A spoiler-free review of Anaconda (2025), the meta comedy reboot starring Jack Black and Paul Rudd. A clever idea undone by tonal confusion and miscast energy.

By Sean PatrickPublished about a month ago 3 min read

Anaconda

Directed by: Tom Gormican

Written by: Tom Gormican, Kevin Ettin

Starring: Jack Black, Paul Rudd, Thandiwe Newton, Steve Zahn, Daniela Melchior

Release Date: December 25, 2025

⭐ Rating: ★★☆☆☆ (2 out of 5)

Jack Black, Thandiwe Newton and Paul Rudd in Anaconda

Meta on Paper, Messy on Screen

Anaconda is one of those ideas that sounds perfect in a pitch meeting. A comedic, self-aware reboot of the 1997 cult favorite? Meta humor? A knowingly ridiculous tone? Jack Black and Paul Rudd as mismatched childhood dreamers? On paper, it’s a slam dunk.

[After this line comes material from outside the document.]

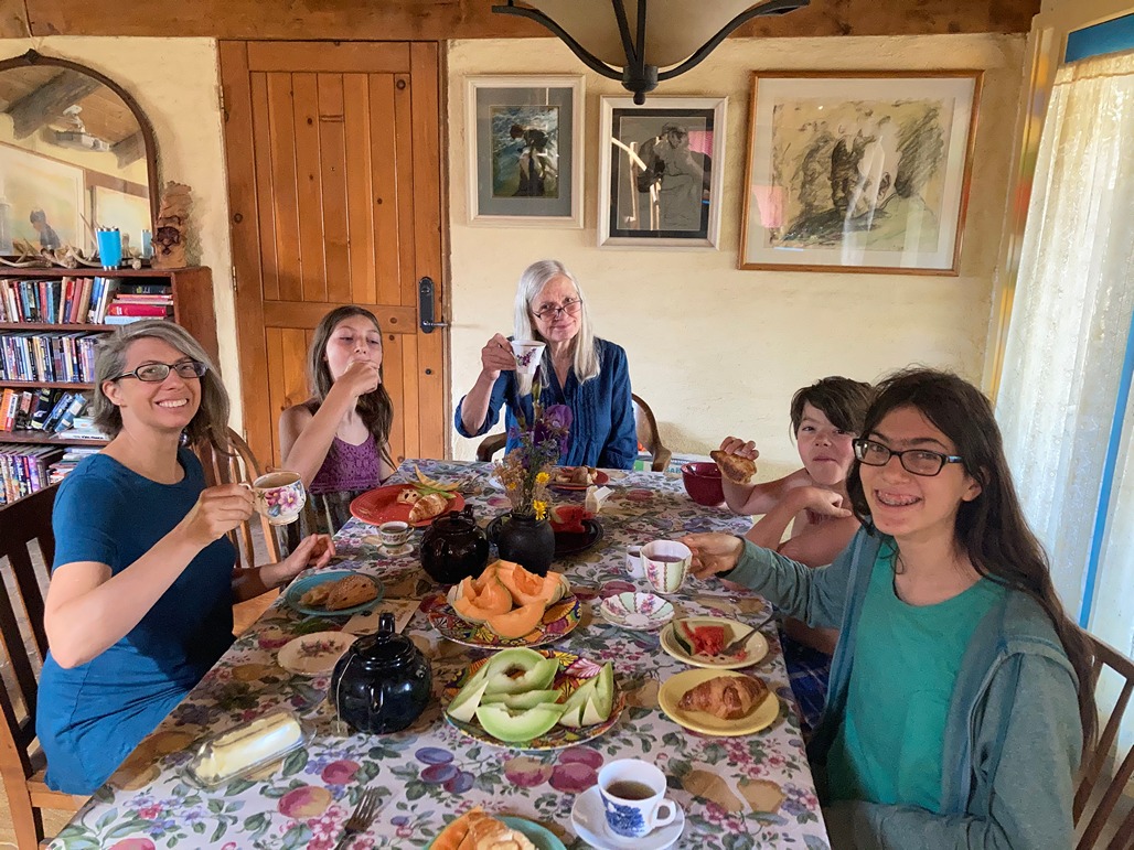 We walk through a park and ask a stranger to take a photo of us in front of a totem pole, the only one I have that we’re all three in together. It’s a pretty touristy shot, but I had to have at least one.

In execution, Anaconda spends most of its runtime flailing around, occasionally stumbling into something funny but never finding a rhythm or a reason for being beyond the concept itself.

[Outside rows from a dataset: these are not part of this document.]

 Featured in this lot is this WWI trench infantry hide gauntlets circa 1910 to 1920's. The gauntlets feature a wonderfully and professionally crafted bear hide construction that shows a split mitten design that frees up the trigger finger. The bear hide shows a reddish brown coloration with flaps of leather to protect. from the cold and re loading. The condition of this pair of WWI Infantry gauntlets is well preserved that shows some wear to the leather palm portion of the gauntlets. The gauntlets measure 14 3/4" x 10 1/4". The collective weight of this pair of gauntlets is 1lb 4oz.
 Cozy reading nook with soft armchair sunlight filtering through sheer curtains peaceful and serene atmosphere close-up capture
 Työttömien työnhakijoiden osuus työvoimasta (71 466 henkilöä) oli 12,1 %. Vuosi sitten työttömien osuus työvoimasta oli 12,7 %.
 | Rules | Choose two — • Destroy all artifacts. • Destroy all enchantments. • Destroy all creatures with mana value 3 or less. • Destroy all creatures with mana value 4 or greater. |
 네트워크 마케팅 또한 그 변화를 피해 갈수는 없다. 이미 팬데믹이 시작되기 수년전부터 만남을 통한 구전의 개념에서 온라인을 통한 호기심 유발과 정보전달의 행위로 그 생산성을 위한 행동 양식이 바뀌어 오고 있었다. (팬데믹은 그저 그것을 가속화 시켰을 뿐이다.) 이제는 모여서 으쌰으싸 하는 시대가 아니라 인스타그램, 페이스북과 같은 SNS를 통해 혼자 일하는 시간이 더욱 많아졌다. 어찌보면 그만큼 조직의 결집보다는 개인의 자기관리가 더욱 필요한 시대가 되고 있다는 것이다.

A Promising Setup with the Right Pieces

Jack Black stars as Doug, a deeply unfulfilled dreamer who describes his existence as a “B, B-plus life,” despite having a loving family and steady work as a wedding videographer. Doug’s dissatisfaction is tied to comparison—specifically with his childhood friend Griff (Paul Rudd), who left Ohio for Hollywood while Doug stayed behind.

Griff’s Hollywood dream didn’t exactly pan out. He works at Home Depot, lands blink-and-you’ll-miss-it background acting roles, and carries himself with the bravado of someone who refuses to admit defeat. When Griff returns home for Doug’s birthday, the old gang reunites: Claire (Thandiwe Newton), once an aspiring actress and now a lawyer, and Kenny (Steve Zahn), a well-meaning burnout.

This reunion sparks Griff’s big lie—and the movie’s central premise.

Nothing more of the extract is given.